„Und dann kippt es plötzlich“

publiziert auf saechsische.de am 25. Januar 2021

Die Hälfte der Patienten und Patientinnen auf der Dresdner Intensivstation für besonders schwere Coronafälle stirbt.  Franziska Klemenz schreibt über eine Pflegerin, eine Therapeutin, den Arzt und den pflegerischen Leiter, Menschen, die täglich kaum vorstellbare Anspannungen aushalten.

Jeder Absatz ihrer Reportage ist sorgfältig recherchiert und präzise beobachtet. Trotz der hohen Anspannung gewinnt Franziska Klemenz die Mitglieder des Teams, über ihre Erfahrungen und Gefühle zu sprechen, über die Sorge, einen Patienten nach 16 Stunden Bauchlage umzudrehen, um dann „zu sehen, dass die Pupillen weit sind“. Allein das ist eine besondere Leistung und zeigt ihre Fähigkeit, sich einzufühlen und trotzdem Distanz zu wahren. Denn das Team wird die Anwesenheit einer Reporterin während ihrer Arbeit als zusätzliche Belastung empfunden haben.

Franziska Klemenz sieht genau hin und findet treffende und angemessene Worte. Sie beschreibt, wie „dunkelrotes Blut aus der Vene des Mannes durch einen zeigefingerdicken Schlauch in den Kasten strömt“ und als „hellrotes in seinen Hals zurück fliesst“. Sie schildert, wie aus „der Nase der Ohnmächtigen ein Blutschwall auf das Kissen rutscht“, und der Arzt erklärt, dass es „unwahrscheinlich“ sei, „dass die Frau es schaffen wird“.

Die Reporterin vermeidet jedes Pathos und jede Anwandlung von Betroffenheit. Das ist entscheidend für einen Text, in dem der Tod stets so gegenwärtig ist wie sonst nur bei Kriegsreportagen. Franziska Klemenz konzentriert sich auf ausgewählte Situationen und erliegt nicht der Versuchung, sich in den Details des Schreckens zu verlieren.
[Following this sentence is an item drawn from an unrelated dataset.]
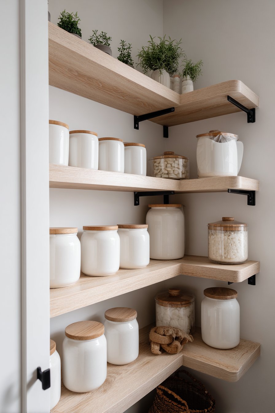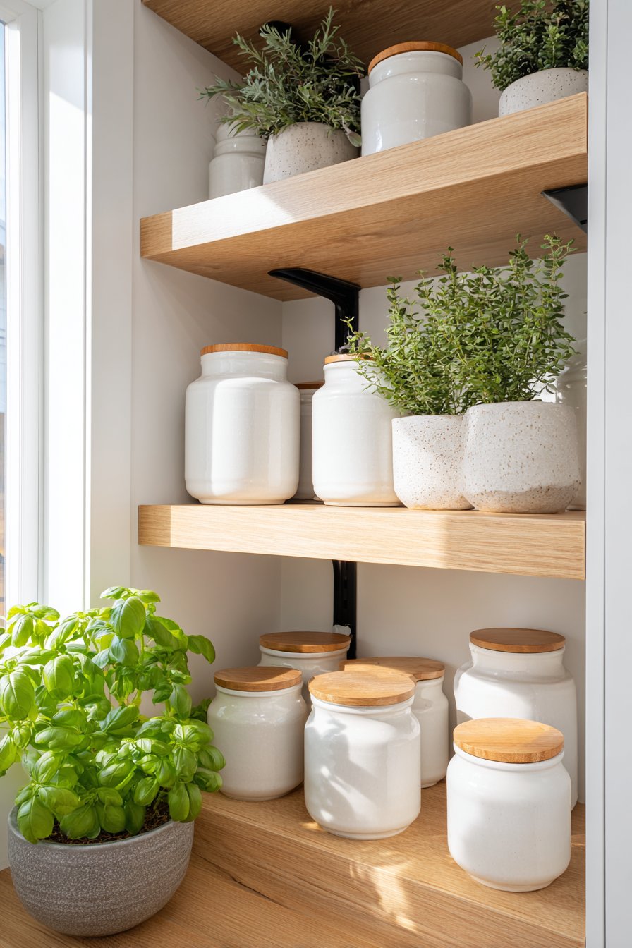 Light oak floating shelves arranged in stepped configuration wrap gracefully around wall intersections. Minimalist white ceramic containers with wooden lids create cohesive storage systems. Small potted herbs on upper shelves add fresh greenery and functionality. Varying shelf depths accommodate different-sized items efficiently.

Sie findet eine Dramaturgie, mit der sie – fast wie in einem Film – Leserinnen und Leser durch diese Intensivstation hindurchführt. Sie zeigt ihnen, wie „ein Kuschelhund und eine Mickymaus Betten entlang des Korridors bewachen“ und macht sie auf den „weissen Schopf“ aufmerksam, der „aus einer Decke ragt, die sich bläht“, weil „ein Rohr warme Luft“ unter die Decke bläst. Sie erklärt verständlich die Gründe dafür.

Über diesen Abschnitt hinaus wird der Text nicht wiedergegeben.